DATASET CONTENT Start Marker

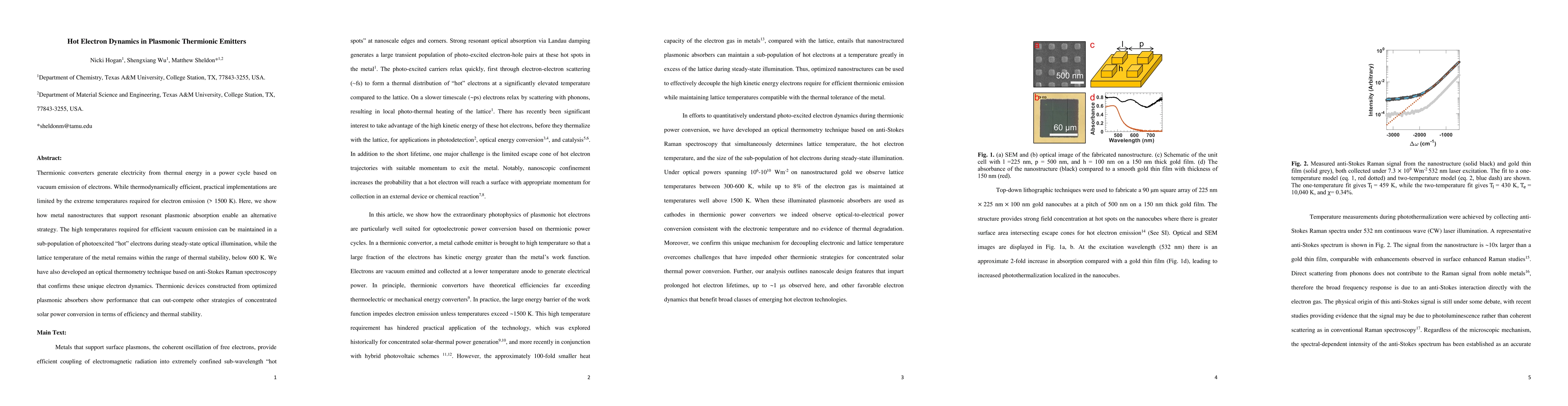 Thermionic converters generate electricity from thermal energy in a power cycle based on vacuum emission of electrons. While thermodynamically efficient, practical implementations are limited by the extreme temperatures required for electron emission (> 1500 K). Here, we show how metal nanostructures that support resonant plasmonic absorption enable an alternative strategy. High electronic temperatures required for efficient vacuum emission can be maintained during steady-state optical absorption while the lattice temperature remains within the range of thermal stability, below 600 K. We have also developed an optical thermometry technique based on anti-Stokes Raman spectroscopy that confirms these unique electron dynamics. Thermionic devices constructed from plasmonic absorbers show performance that can out-compete other strategies of concentrated solar power conversion in terms of efficiency and thermal stability.
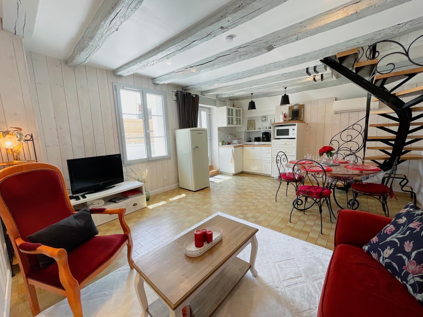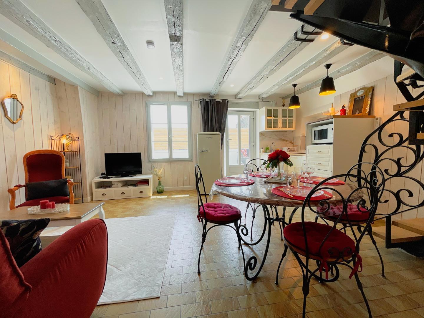 Je raakt vast en zeker in de ban van deze gîte, want hij heeft alle ingrediënten voor een aangenaam verblijf: rust en stilte, een groot terras om buiten te eten en te ontspannen, een verfijnde inrichting en een compleet aanbod aan faciliteiten. Wat een genot om te genieten van deze plek waar aan alles is gedacht voor je welzijn! Maak een wandeling door de smalle straatjes van het dorp, geniet van de vele winkels, bewonder het majestueuze, imposante kasteel in het hart van de stad en geniet van de levendige markt die in de hele regio bekend is. Dit is het rijke programma dat op u wacht, een perfecte 'introductie' voordat u eropuit trekt om de rijkdommen van de Touraine te veroveren. Fietsen, kanoën en wijnproeven bij onze wijnboeren vullen je bezoek aan de gemakkelijk bereikbare juweeltjes
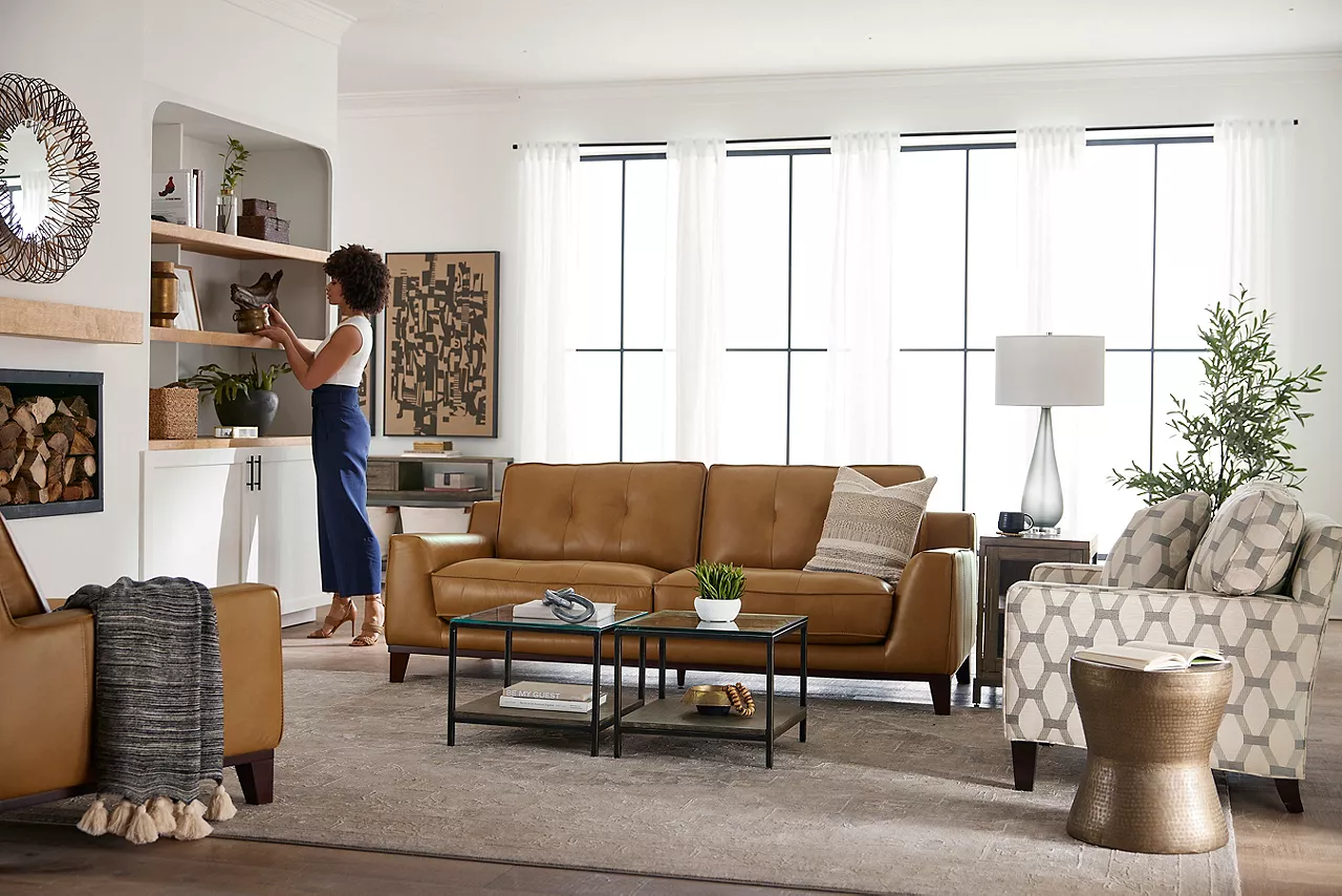 Austin-native Emily knew that she wanted to create a sophisticated and modern living room that was inspired by her childhood roots. However, making all of those design decisions by herself proved to be overwhelming. So, she contacted her local Havertys and was paired with a talented Havertys Design Expert. Together they worked to create a design that expressed Emily’s fashionable and unique personality. With a beautiful blend of top-grain leather, metal accents and an earth-toned color palette, Emily now has the stylishly comfortable entertainment space that she has always wanted.Shop this look

DATASET CONTENT End Marker

Write out exactly the lines of the material above, starting with the first and finishing with the line that contains "Je raakt vast", without pictures.

 Thermionic converters generate electricity from thermal energy in a power cycle based on vacuum emission of electrons. While thermodynamically efficient, practical implementations are limited by the extreme temperatures required for electron emission (> 1500 K). Here, we show how metal nanostructures that support resonant plasmonic absorption enable an alternative strategy. High electronic temperatures required for efficient vacuum emission can be maintained during steady-state optical absorption while the lattice temperature remains within the range of thermal stability, below 600 K. We have also developed an optical thermometry technique based on anti-Stokes Raman spectroscopy that confirms these unique electron dynamics. Thermionic devices constructed from plasmonic absorbers show performance that can out-compete other strategies of concentrated solar power conversion in terms of efficiency and thermal stability.
 Je raakt vast en zeker in de ban van deze gîte, want hij heeft alle ingrediënten voor een aangenaam verblijf: rust en stilte, een groot terras om buiten te eten en te ontspannen, een verfijnde inrichting en een compleet aanbod aan faciliteiten. Wat een genot om te genieten van deze plek waar aan alles is gedacht voor je welzijn! Maak een wandeling door de smalle straatjes van het dorp, geniet van de vele winkels, bewonder het majestueuze, imposante kasteel in het hart van de stad en geniet van de levendige markt die in de hele regio bekend is. Dit is het rijke programma dat op u wacht, een perfecte 'introductie' voordat u eropuit trekt om de rijkdommen van de Touraine te veroveren. Fietsen, kanoën en wijnproeven bij onze wijnboeren vullen je bezoek aan de gemakkelijk bereikbare juweeltjes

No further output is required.